[PROBLEM DETAILS]
Only one span of the material below is wanted. Output it exactly, from the line with "Plecat De Acasă" through the line with "Post-it note: For", without any pictures.

[DATA EXTRACT]
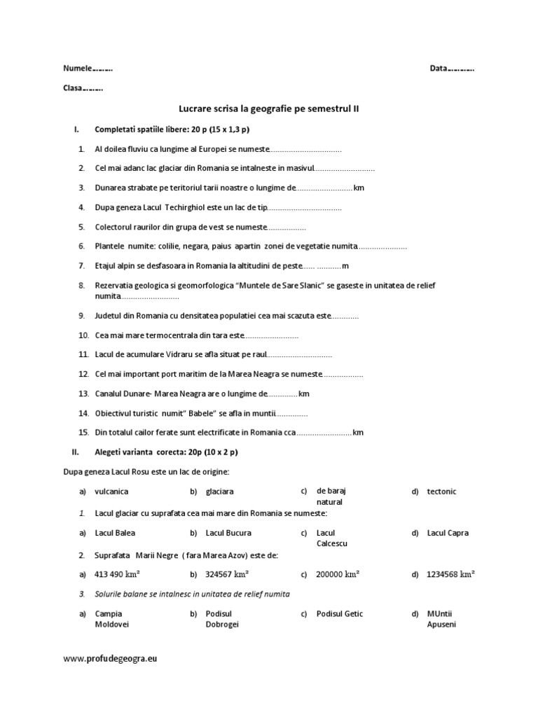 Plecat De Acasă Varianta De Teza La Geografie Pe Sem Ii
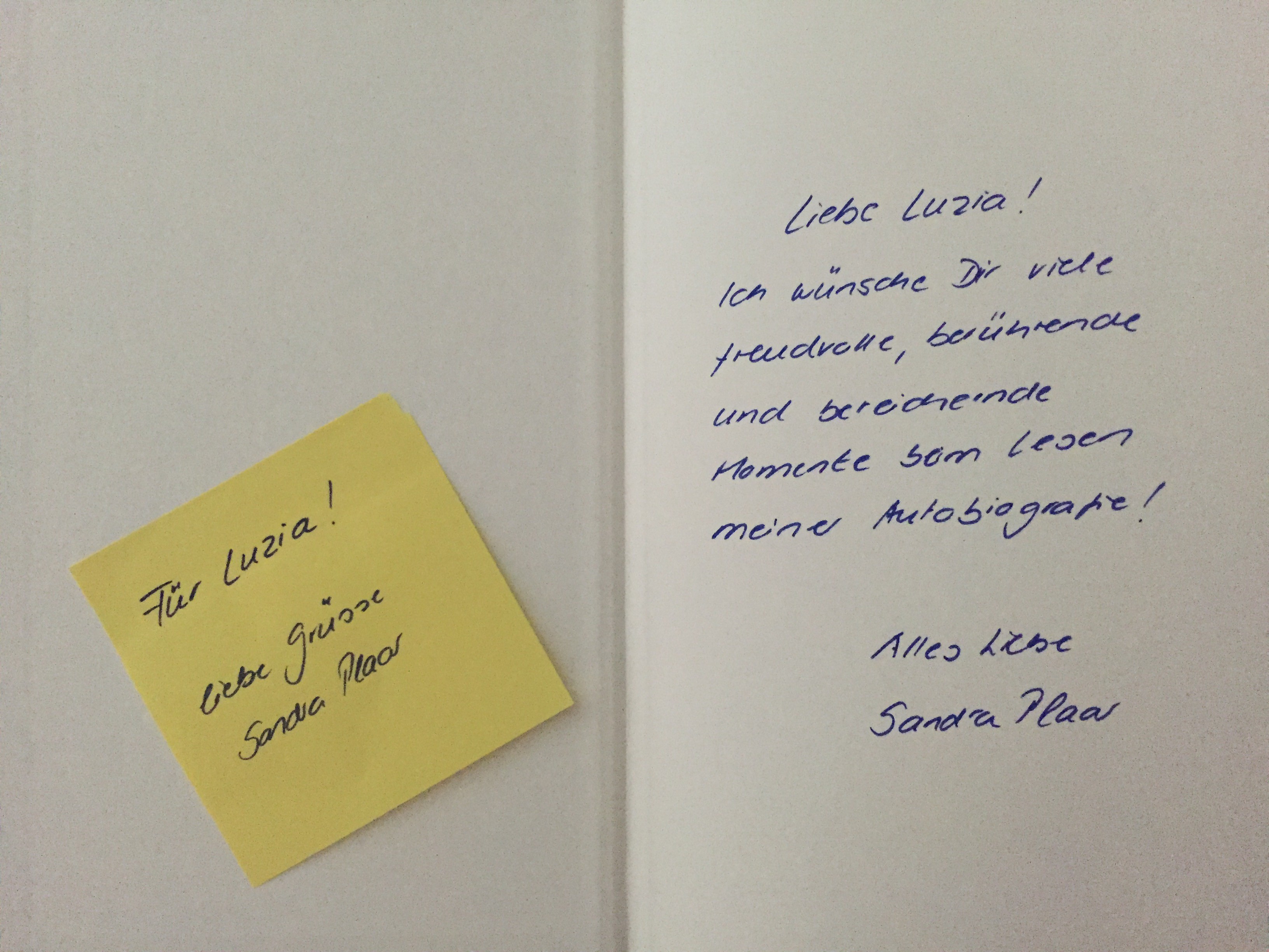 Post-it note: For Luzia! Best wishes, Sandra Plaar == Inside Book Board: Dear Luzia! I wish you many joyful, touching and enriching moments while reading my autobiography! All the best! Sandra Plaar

...

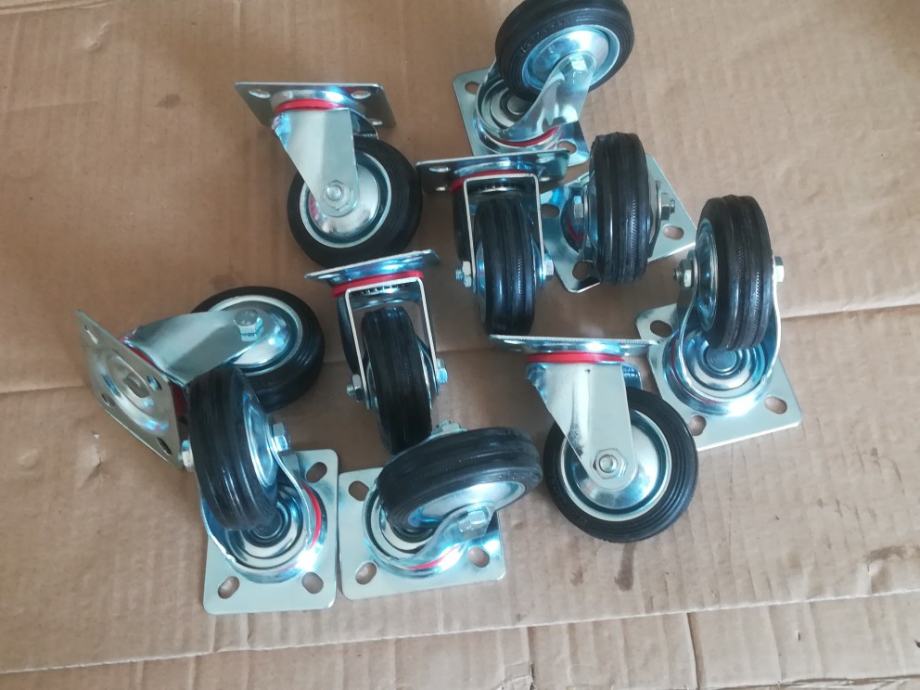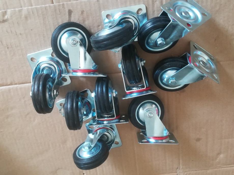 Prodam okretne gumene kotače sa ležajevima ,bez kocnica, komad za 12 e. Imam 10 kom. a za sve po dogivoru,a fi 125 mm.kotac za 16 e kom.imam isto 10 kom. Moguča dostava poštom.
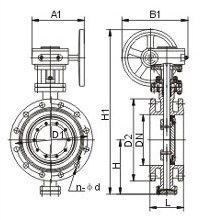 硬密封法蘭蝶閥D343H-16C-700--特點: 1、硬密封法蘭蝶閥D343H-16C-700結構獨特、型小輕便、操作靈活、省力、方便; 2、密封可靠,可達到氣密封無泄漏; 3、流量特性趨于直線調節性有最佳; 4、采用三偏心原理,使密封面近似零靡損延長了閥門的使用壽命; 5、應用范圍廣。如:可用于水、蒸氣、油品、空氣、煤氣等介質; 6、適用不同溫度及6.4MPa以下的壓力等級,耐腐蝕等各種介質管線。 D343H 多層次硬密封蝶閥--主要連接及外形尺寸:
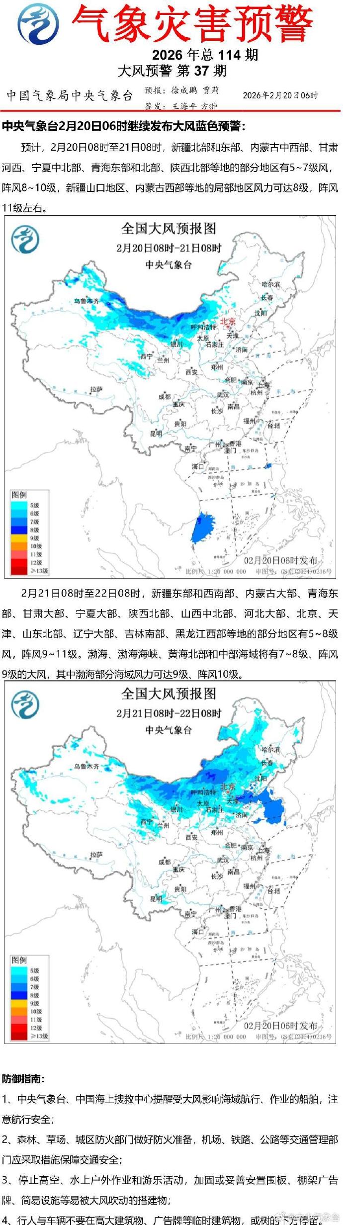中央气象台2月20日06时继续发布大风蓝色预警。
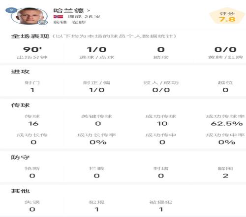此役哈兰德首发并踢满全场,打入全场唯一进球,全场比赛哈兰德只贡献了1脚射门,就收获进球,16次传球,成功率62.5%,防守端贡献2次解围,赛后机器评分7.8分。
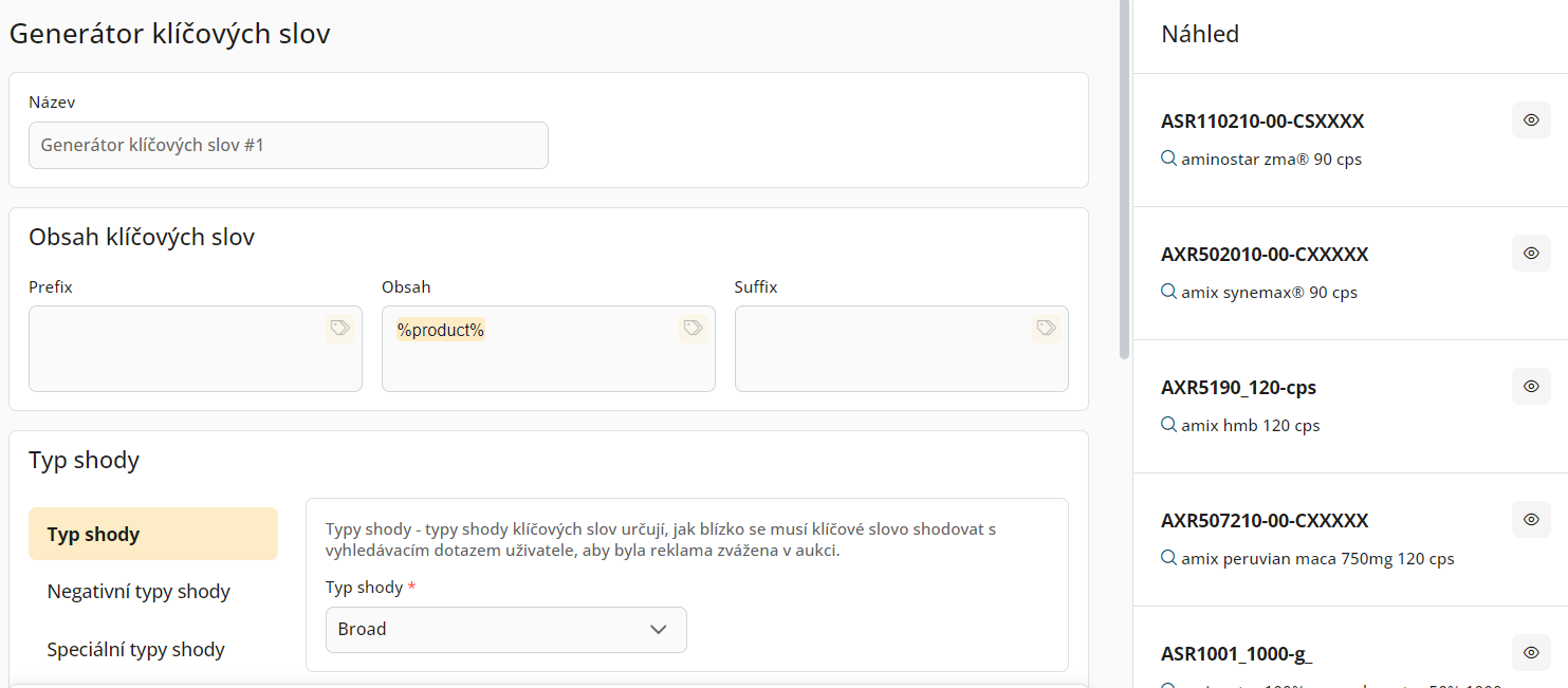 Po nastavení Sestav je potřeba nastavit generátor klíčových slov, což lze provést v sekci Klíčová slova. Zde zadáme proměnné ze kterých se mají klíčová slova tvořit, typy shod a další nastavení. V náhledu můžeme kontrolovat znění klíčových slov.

* * *

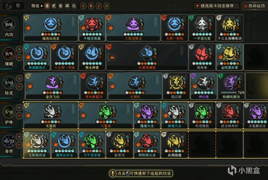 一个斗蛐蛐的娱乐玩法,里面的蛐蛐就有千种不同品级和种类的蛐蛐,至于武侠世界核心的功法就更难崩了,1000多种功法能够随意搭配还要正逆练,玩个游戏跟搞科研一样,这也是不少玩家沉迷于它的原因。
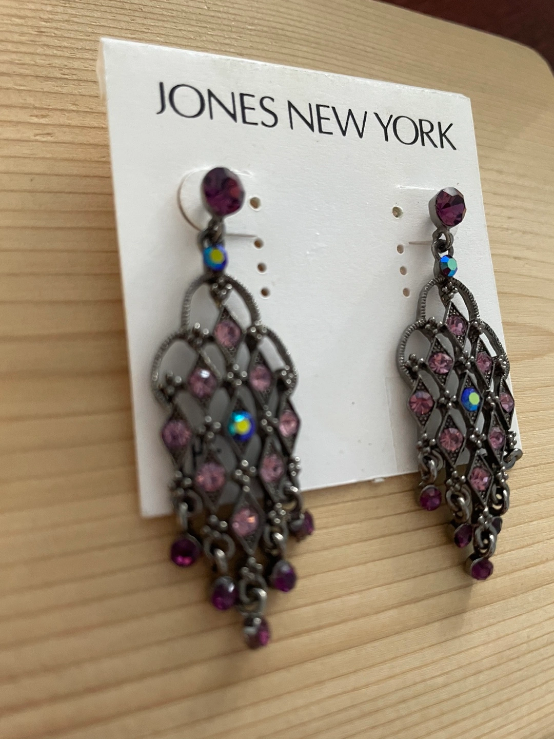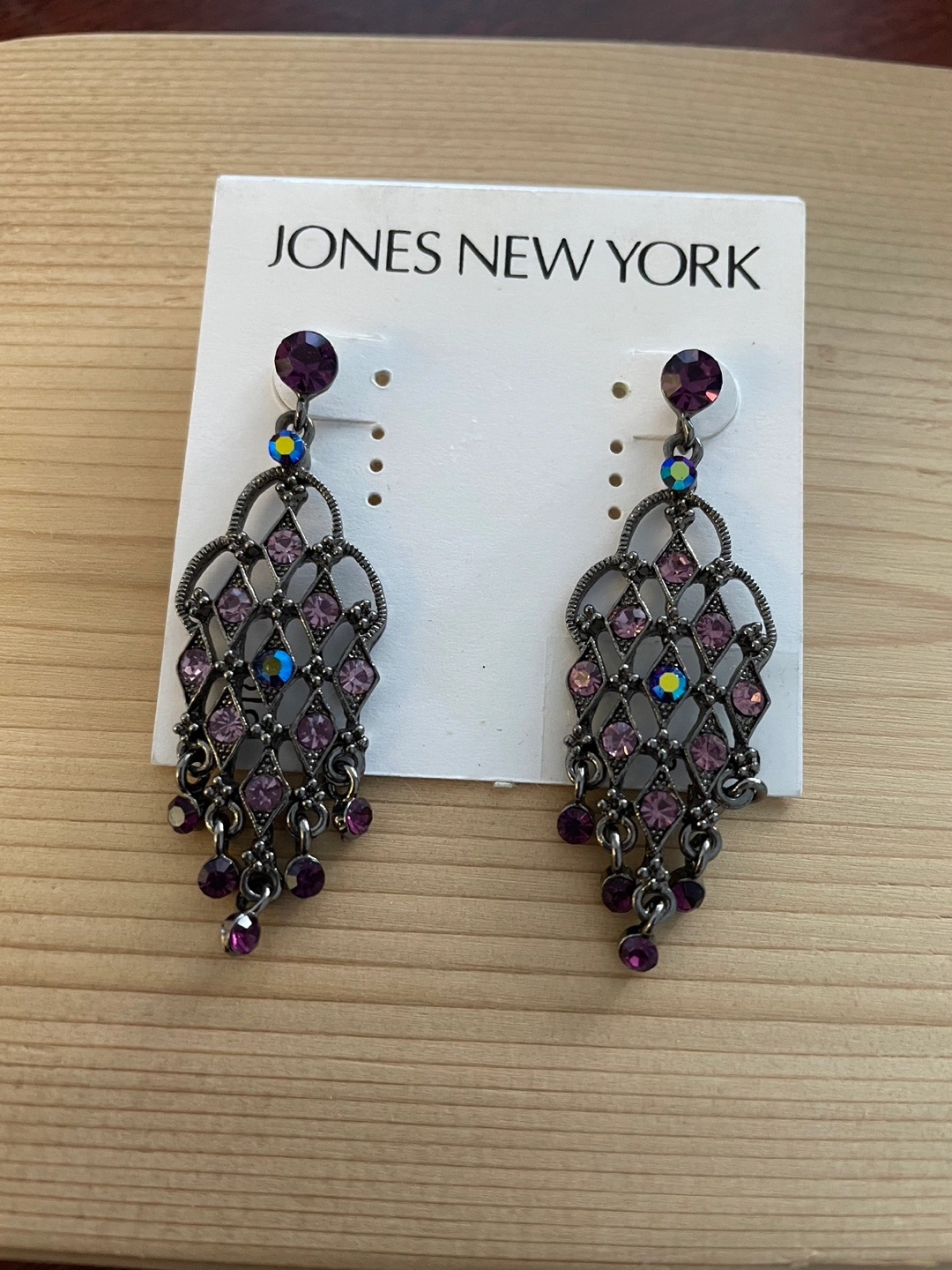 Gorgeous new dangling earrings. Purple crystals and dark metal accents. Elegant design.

[OUTPUT]
 Plecat De Acasă Varianta De Teza La Geografie Pe Sem Ii
 Post-it note: For Luzia! Best wishes, Sandra Plaar == Inside Book Board: Dear Luzia! I wish you many joyful, touching and enriching moments while reading my autobiography! All the best! Sandra Plaar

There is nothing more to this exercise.